All statistical analyses were stratified by sex and used Stata statistical software, Version 14.2 (Stata Inc., College Station, TX, USA). Point estimates and standard errors were determined by applying person and replicate weights that accounted for the probability of participant selection and the clustered survey design, respectively. Descriptive statistics for sample characteristics are presented as weighted means (95% CI) or weighted percentages. After examining the distribution of the data, the following variables were log-transformed to improve normality: BMI, daily total sedentary time, and total energy intake. Weighted geometric means (95% CI) were used for all log-transformed variables.
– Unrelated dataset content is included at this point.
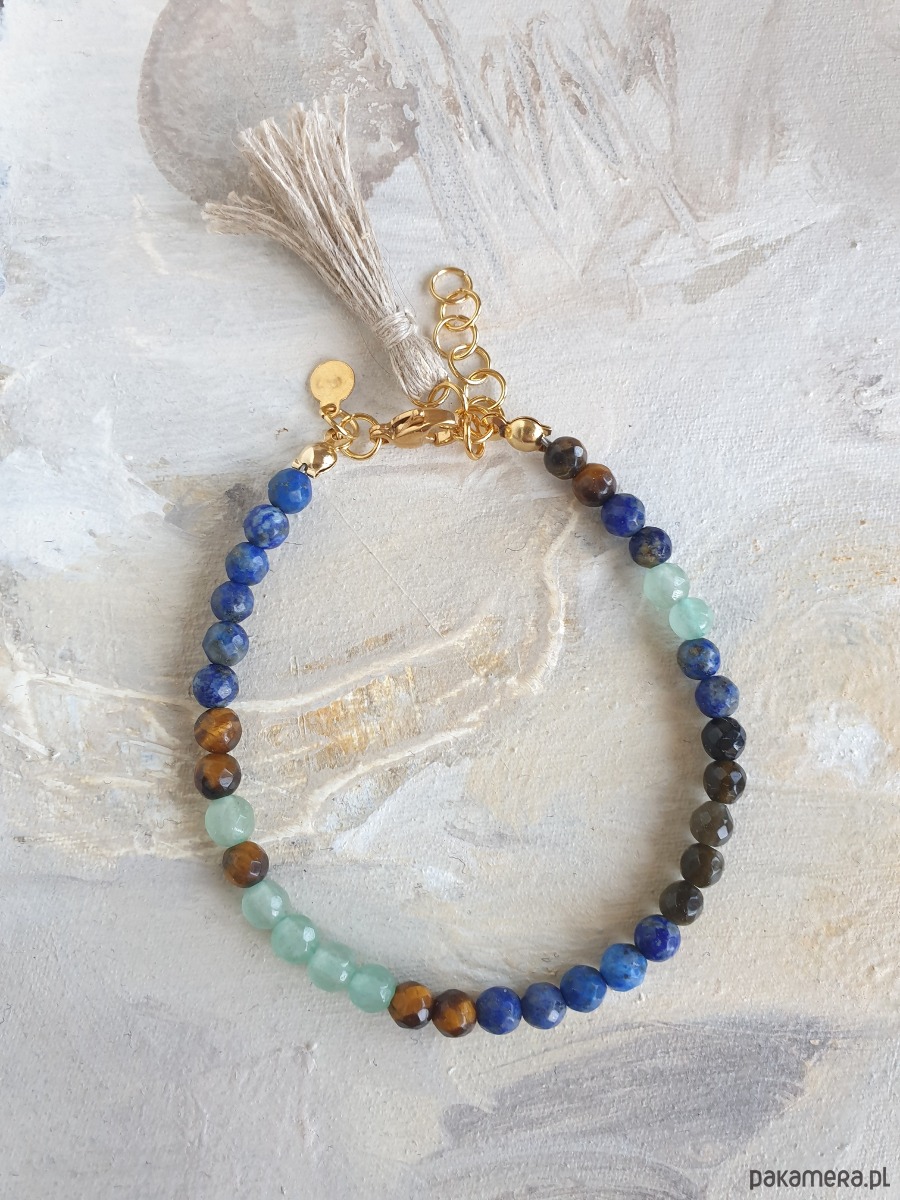 Minimalistyczna delikatna bransoletka BOHO. Tworzona ręcznie z kamieni naturalnych, elementów ze stali szlachetnej złoconej (antyalergicznej) i lnianego chwosta. W tej - fasetowana kulka lapis lazuli, tygrysie oko, jadeit zielony, obsydian złocisty
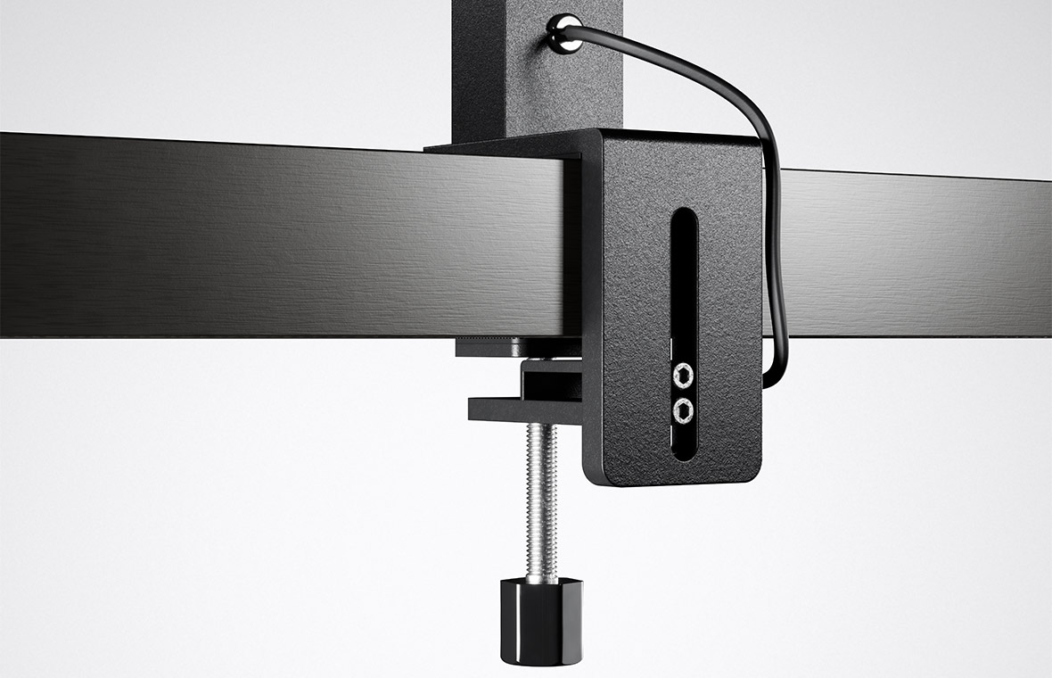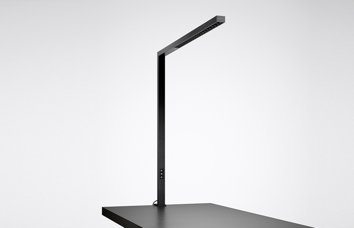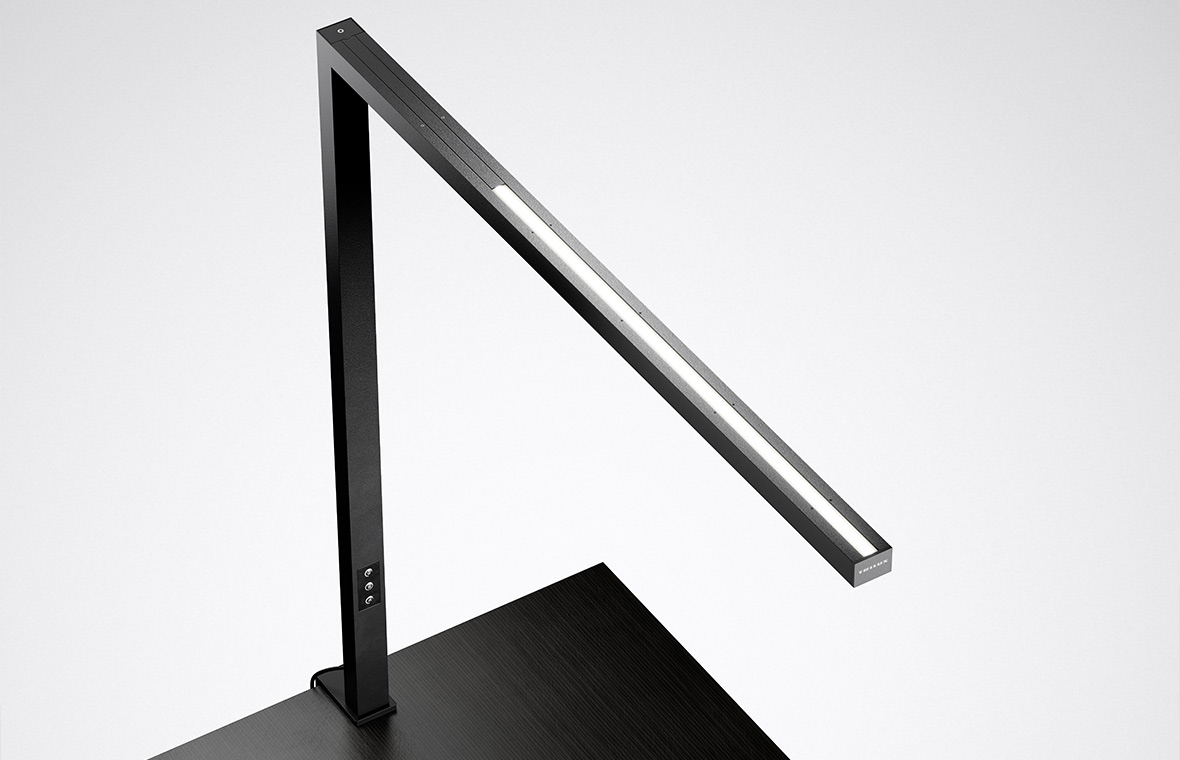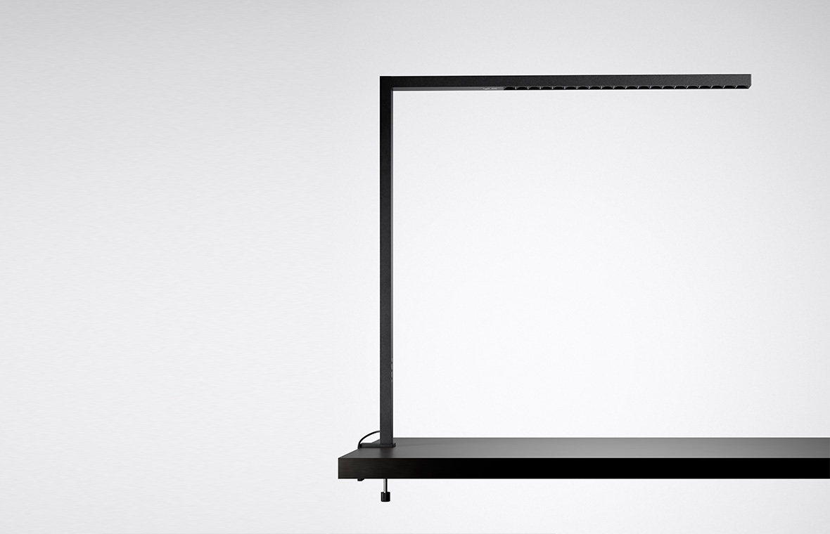 Single, dual or with table clamp: three different versions make Eralia standing and desktop luminaires a flexible lighting solution for all work situations. As a single- or double-head luminaire, Eralia stands securely on a sturdy U-shaped base and can save space when positioned around desk legs. The Eralia clamp-mounted luminaire can also be attached quickly, securely and gently to table tops. The maximum depth is 75 mm.

The F test (for continuous data) and adjusted Pearson χ2 test (for categorical data) were used to determine sex-specific differences in sample characteristics by hypertension status. Multiple linear regression (for continuous outcomes) and logistic regression (for binary outcomes) were used to test for associations of frequencies of all EO, meal and snacks (continuous), and temporal eating patterns, with SBP and DBP (continuous) and hypertension prevalence (binary). Four models were tested: model 1 was an unadjusted model; model 2 adjusted for age (years, continuous), education level (low, medium or high), country of birth (Australia, other predominantly English-speaking countries, all other countries), smoking status (never, former or current), daily, meeting physical activity guidelines (yes/no), daily sedentary time (min; continuous), sleep duration (h, continuous), dieting for health reasons (yes/no); model 3 further adjusted for BMI, and model 4 further adjusted for total energy intake and DGI scores (both continuous). In light of the previous research that reported a positive association among participants with the highest EO frequencies (i.e., > 5 EO) , in the present study, any observed statistically significant (P < 0.05) adjusted association between the continuous measures of frequencies of EO, meals, or snacks, and the outcome variables were further explored by examining associations for eating pattern frequency categories (e.g., 1–3 [reference], 4–5 or ≥ 6 EO; 1–2 [reference], 3 or > 3 meals and 0–1 [reference], and 2–3 or > 3 snacks). Finally, the effect of energy misreporting, defined as the ratio of total energy intake to total energy expenditure was considered ; however, its inclusion did not improve its predictive power when BMI was already in the model. A previous study has also shown that energy misreporting bias can be statistically corrected using predictors of energy misreporting (i.e., dieting behaviours and BMI) .
As data on BP medications use were not collected in the NNPAS , a sensitivity analysis was conducted that included only participants who self-reported no current or previous hypertensive disease (n = 1612 men and n = 1853 women).